The Bipole III transmission line, being developed for a 2017 in-service date, will be used to transmit power south from Keeyask. "Every map you check shows that Minnesota and Wisconsin are aligned to the east side of Manitoba, so you have to wonder why the NDP won't build the new power line closer to these customers," said Manitoba Progressive Conservative Opposition leader Hugh McFayden. "These re-announced power deals today are more evidence that the east side is the right direction for the new power line. Why waste $11,748 per family of four in Manitoba just to build a major power line further away from your customers?"

While the 200-MW Wuskwatim Generating Station on the Burntwood River near Nelson House has an estimated construction cost of $1.3 billion - plus another $300 million to build the hydro lines and towers and other associated infrastructure to move the power south - for a total estimated cost of $1.6 billion, the planned 695-MW Keeyask (Cree for gull) Generating Station on the Nelson River, downstream from Split Lake and 175 kilometres northeast of Thompson in the Split Lake Resource Management Area, is a $5.6 billion project - about 4.3 times as expensive to build as Wuskwatim and generating almost 3.5 times as much power as the Nelson House area project.

Selinger said May 25 Keeyask will provide some 4,500 person-years of construction employment.

Manitoba Hydro and representatives from the Tataskweyak Cree Nation, War Lake First Nation, Fox Lake Cree Nation, and York Factory First Nation signed the Joint Keeyask Development Agreement at Split Lake for the Keeyask Generating Station in May 2009. Under the agreement Manitoba Hydro will provide administrative and management services for the project and will own at least 75 percent of the equity. The four First nations will collectively have the right to own up to 25 percent of the partnership.

The Manitoba Hydro-Electric Board has yet to approve the construction and both provincial and federal regulatory licences and approvals are still required.

While the details will necessarily differ in the planning and implementation processes for Keeyask from Wuskwatim, as there is no one-size-fits-all solution for hydro-electric development in Northern Manitoba on traditional Cree land, Wuskwatim is a good model for how things can work today and tomorrow as opposed to the adversarial relations in the 1960s and 1970s between Northern Manitoba's Cree First Nations and Manitoba Hydro, a provincial Crown corporation.

In the old days, Manitoba Hydro came in and flooded Cree land to take power in our name to ship south, not to put too fine a point on the historical truth.

In 1976, the Churchill River Diversion Project began. Flow was diverted by a series of channels and control structures into the Nelson River.

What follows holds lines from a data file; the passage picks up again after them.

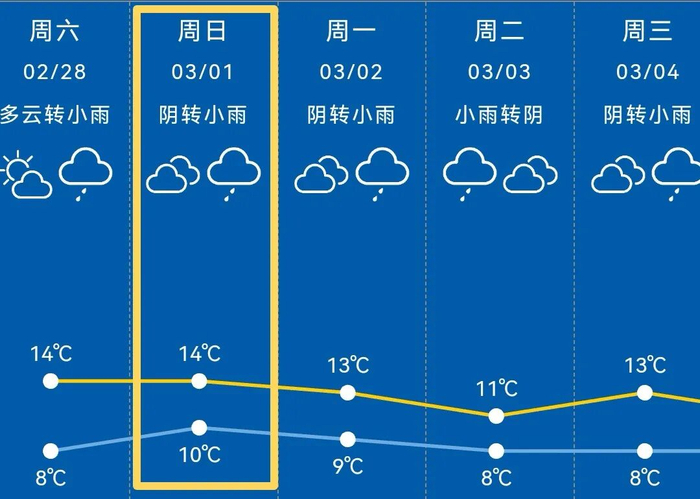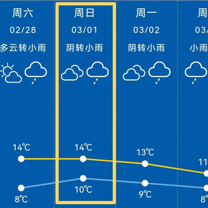 ■下周工作日多降水天气过程,双休日天气转好,气温略有波动。最低气温在4℃至8℃之间,最高气温在11℃至14℃。未来一周多阴雨,湿度大,体感偏湿冷。
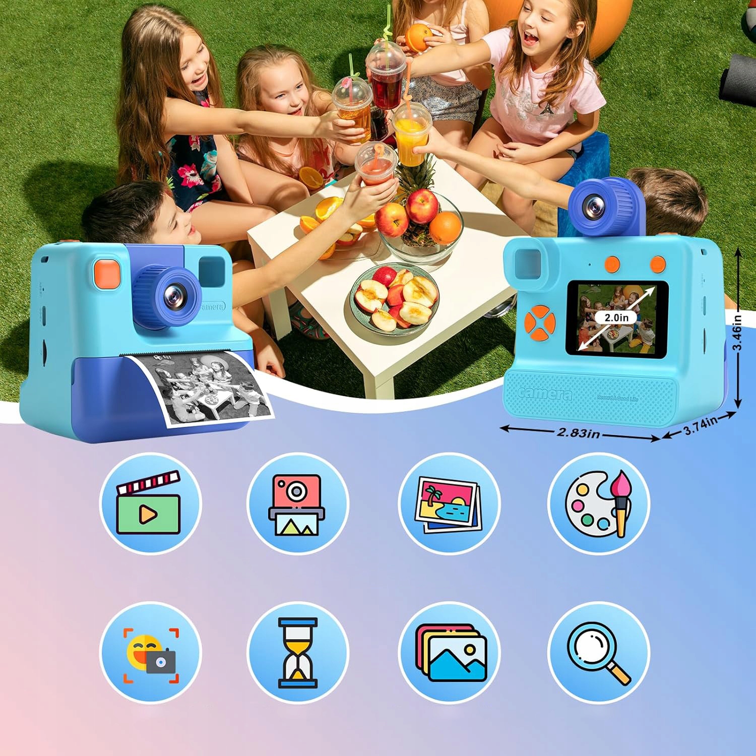 Ця дитяча камера використовує технологію термодруку, щоб друкувати лише за 3 секунди, забезпечуючи чорно-білу фотографію (діти можуть створювати кольорові відбитки самостійно), тож немає потреби замінювати чорнильні картриджі чи клопоту. У набір входять 3 рулони паперу (зручні для шкіри та легко замінні), що дозволяє роздрукувати до 180 фотографій. За допомогою цієї миттєвої камери для дітей діти можуть друкувати скільки завгодно фотографій.
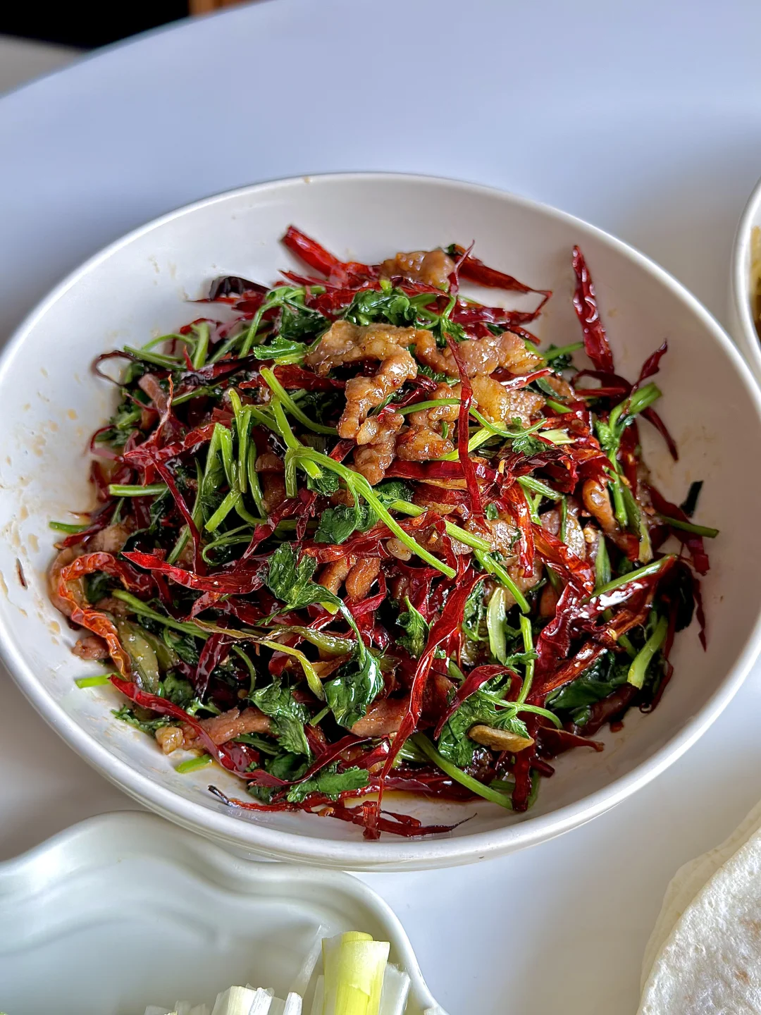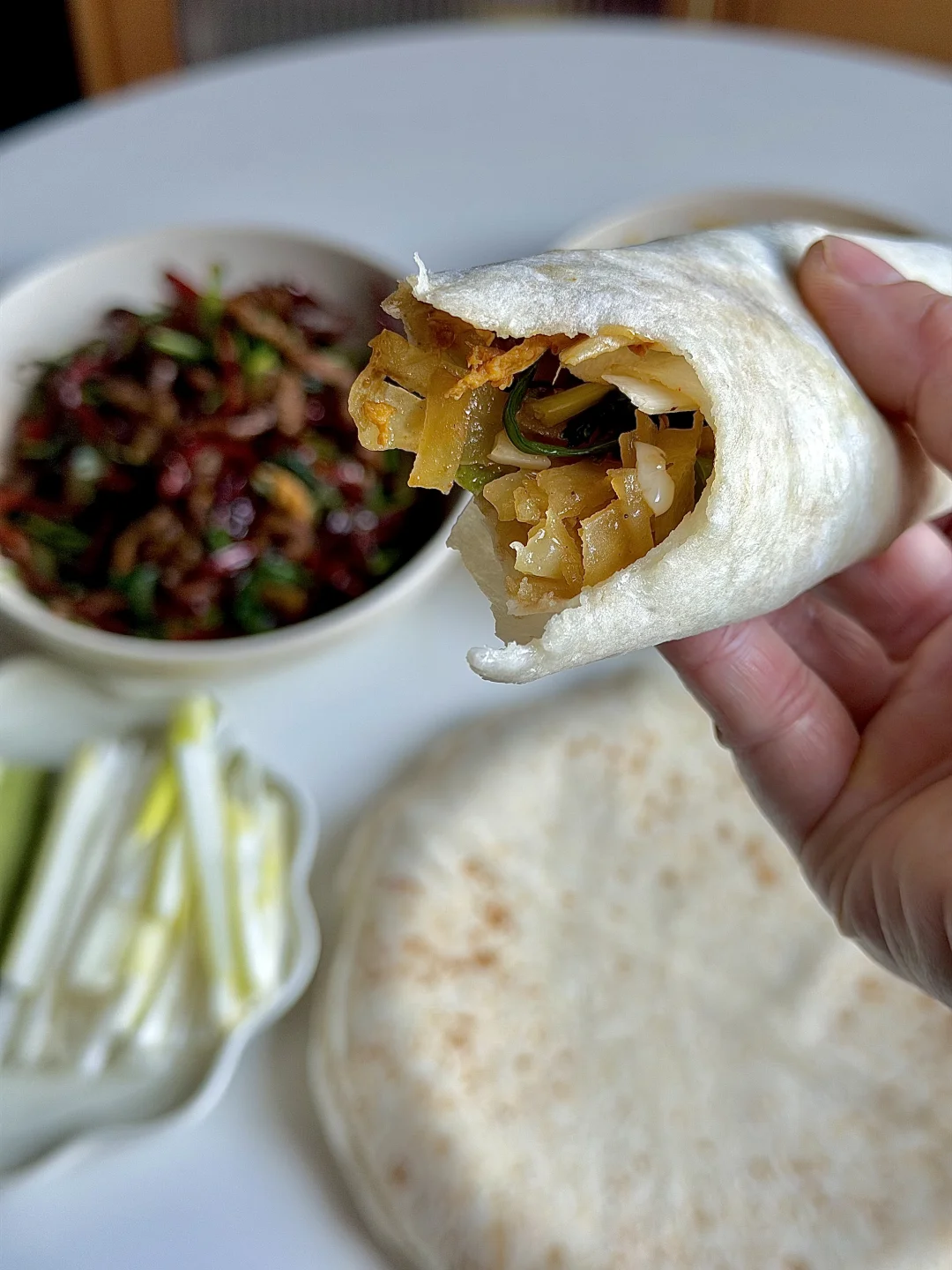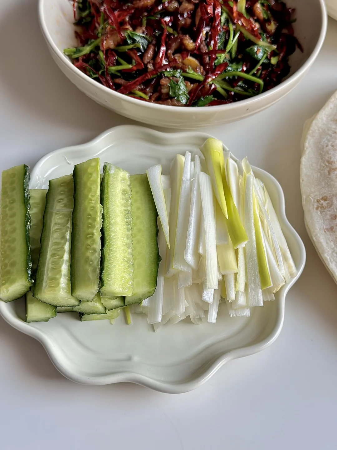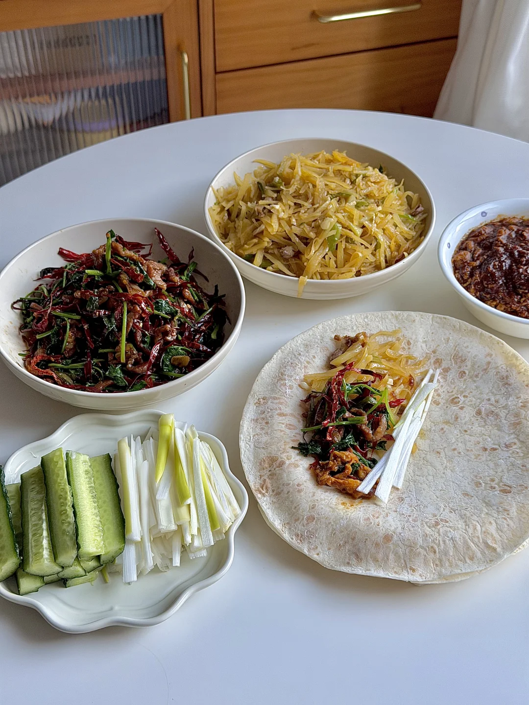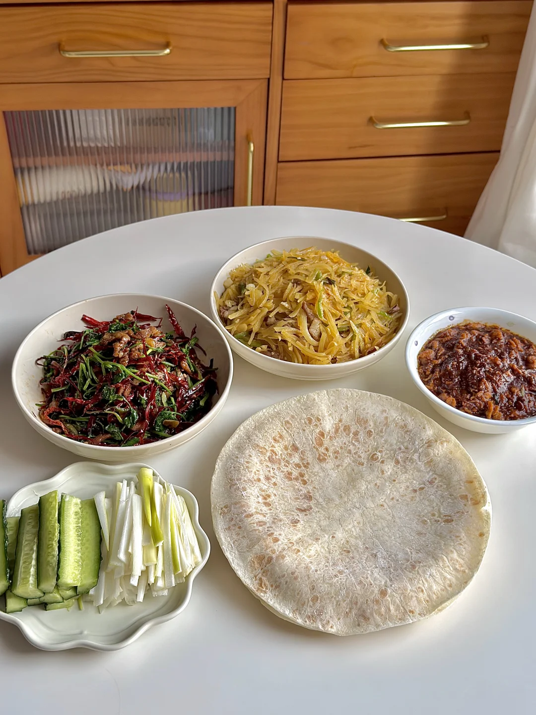 今日份美食分享: 春饼卷 土豆丝 香辣肉丝 鸡蛋酱 葱丝 黄瓜🥒 . 立春吃春饼,主要为了“咬春” 迎接春天的到来,新的一年一切顺利~ . 自己炒了两个喜欢卷春饼的菜 春饼是现成的,很方便! 大家记得要吃春饼哦!
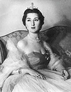 In 1940, Prince Muhammad Abdel Moneim, son of Egypt's last Khedive Abbas Hilmi II, proposed to Neslişah. Neslişah rejected the proposal, but accepted it following pressure from her father, despite her younger sister Hanzade, who later married another Egyptian prince a week before her sister, having volunteered to marry Moneim in her stead, an offer her father refused.[7] The marriage took place on 26 September 1940 in el-Orouba Palace, Cairo,[8] and she was given the title Sahibat-al Sumuw Al-Amira Neslishah (Her Highness Princess Neslishah).[9] Two years earlier, Abdel Moneim, heir to a US$50,000,000 fortune, had obtained permission from his second cousin King Farouk of Egypt to marry Princess Myzejen Zogu (1909–1969), sister of King Zog I of Albania.[10] However, the marriage never took place and Prince Abdel Moneim married Neslişah instead. On 16 October 1941, she gave birth to Prince Abbas Hilmi. He was followed three years later by Princess Ikbal, born on 22 December 1944.[3]
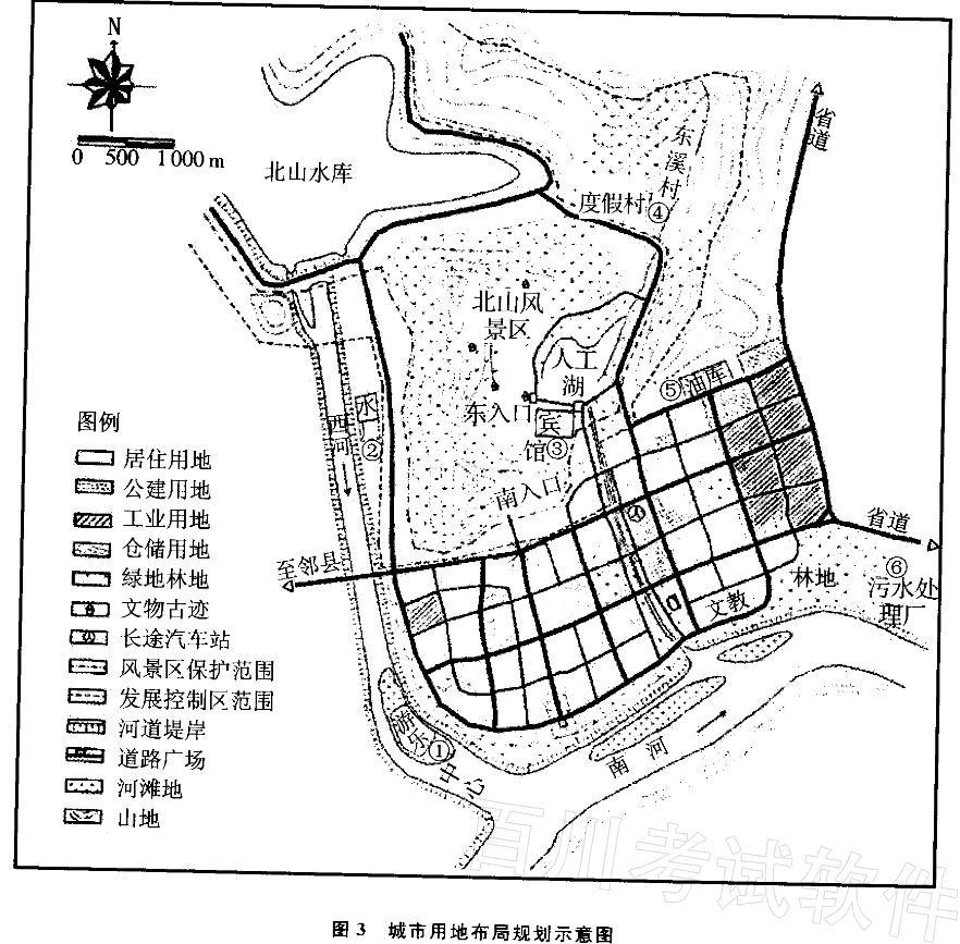 某小城市城区依山临河而建。城北为风景区(含北山水库),该风景区按规划保护较好。水库库容属中型,用作灌溉及城市水源,南河水源丰富,西河为水库泄洪道。沿河的人工堤岸能满足城区防洪要求。
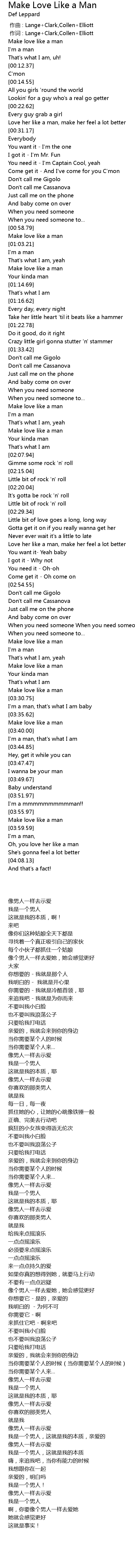 | [00:00.00] | 作曲 : Lange+Clark,Collen+Elliott |
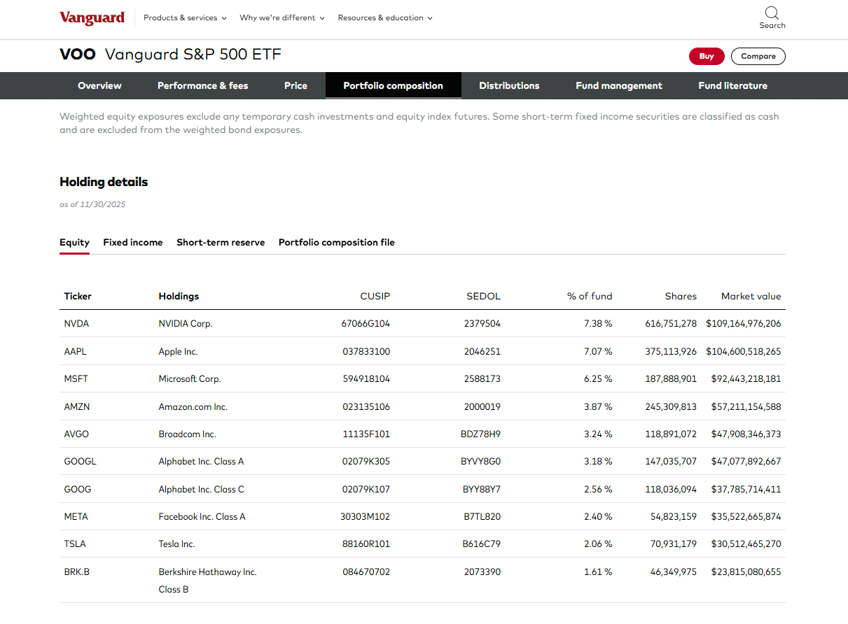 Top 10 Holdings VOO
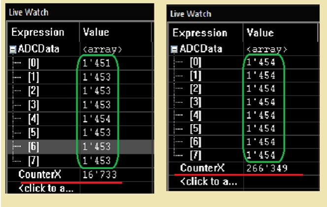 下面截图是关闭过采样和开启过采样获取到的8个ADC结果及所用时间。左边是关闭过采样时的情形,右边是开启过采样时的情形。
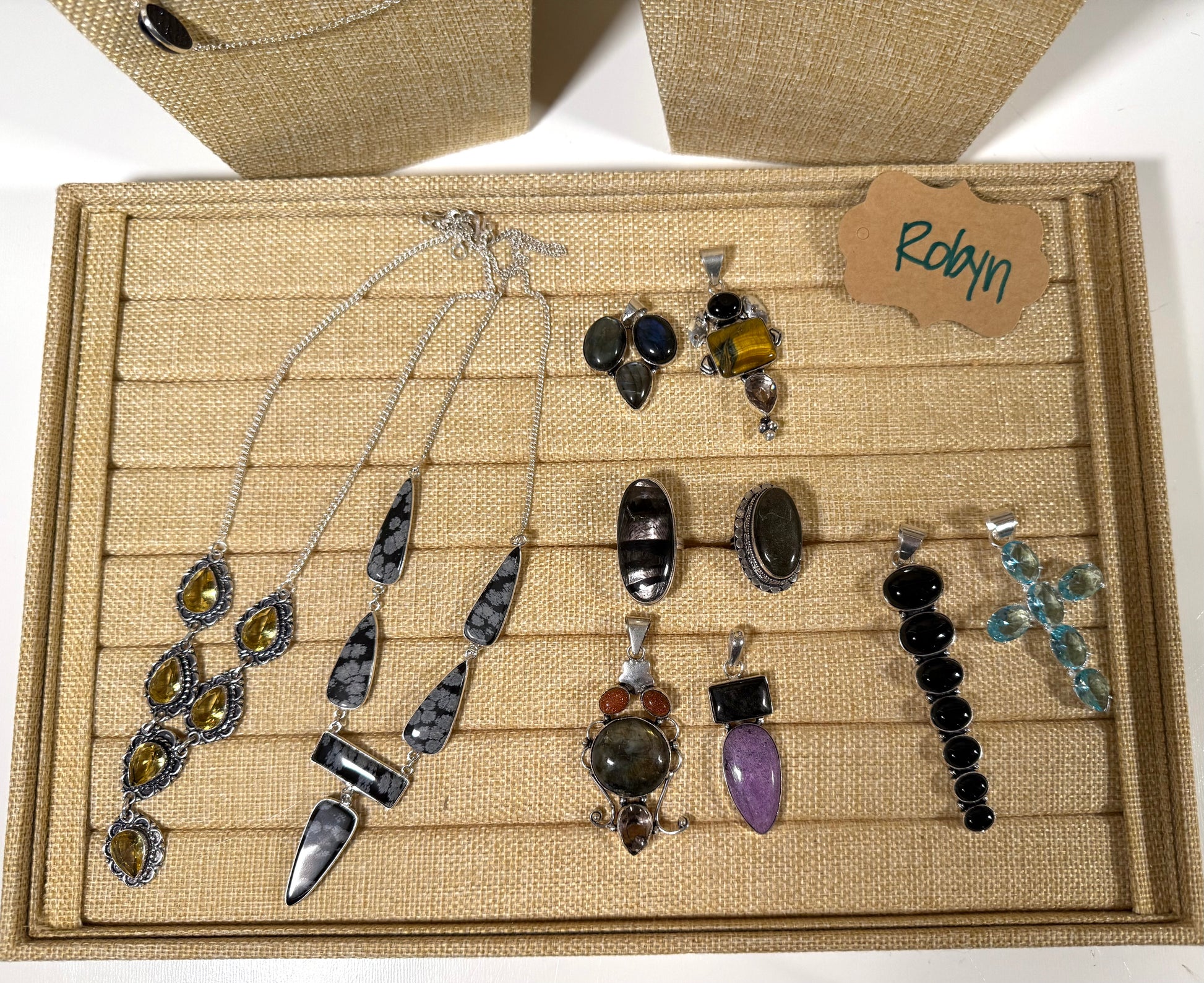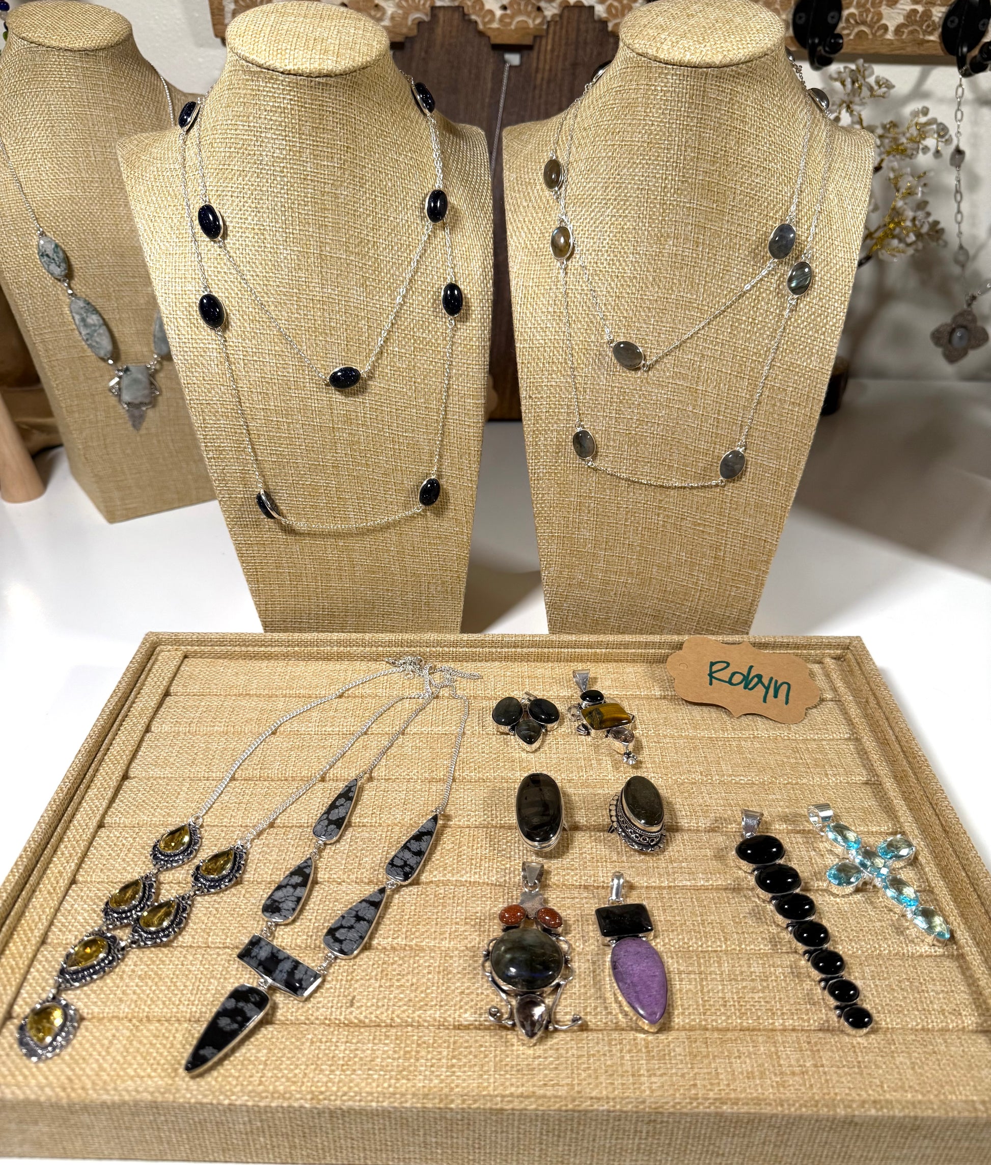 Lab 36” ss necklace (22), purple sandstone 36” (22), citrine (15), snowflake obsidian (15), lab pendant (14), tigers eye ss pendant (16), Hypersthene ring (14), silver obsidian ring (16),labradorite ss pendant (16), Hypersthene purpurite pendant (14), black onyx ss pendant (19), aqua cross ss(16).

Three of Manitoba s largest dams and hydro-electric generating stations were built earlier in Fox Lake traditional Cree territory near Gillam between 1966 and 1992. Kettle, Long Spruce and Limestone flooded more than 300 square kilometres and displaced many Fox Lake residents. In the 1970s, hydro development also brought significant flooding to the Burntwood River, which had a significant impact on Nelson House.

The Northern Flood Agreement of 1977 addressed adverse effects experienced by First Nations signatories in connection with Manitoba Hydro's operation of the Lake Winnipeg Regulation and Nelson River Diversion Project and Churchill River Diversion (LWRCRD) project.

Wuskwatim marked the first time Manitoba Hydro partnered with a First Nation for hydro-electric development. The Wuskwatim Power Limited Partnership, a legal entity comprised of Manitoba Hydro and the Nisichawayasihk Cree Nation (NCN), is developing the now almost completed project.

Manitoba Hydro is providing construction and management services to the Wuskwatim Power Limited Partnership, in accordance with the project development agreement signed in June 2006.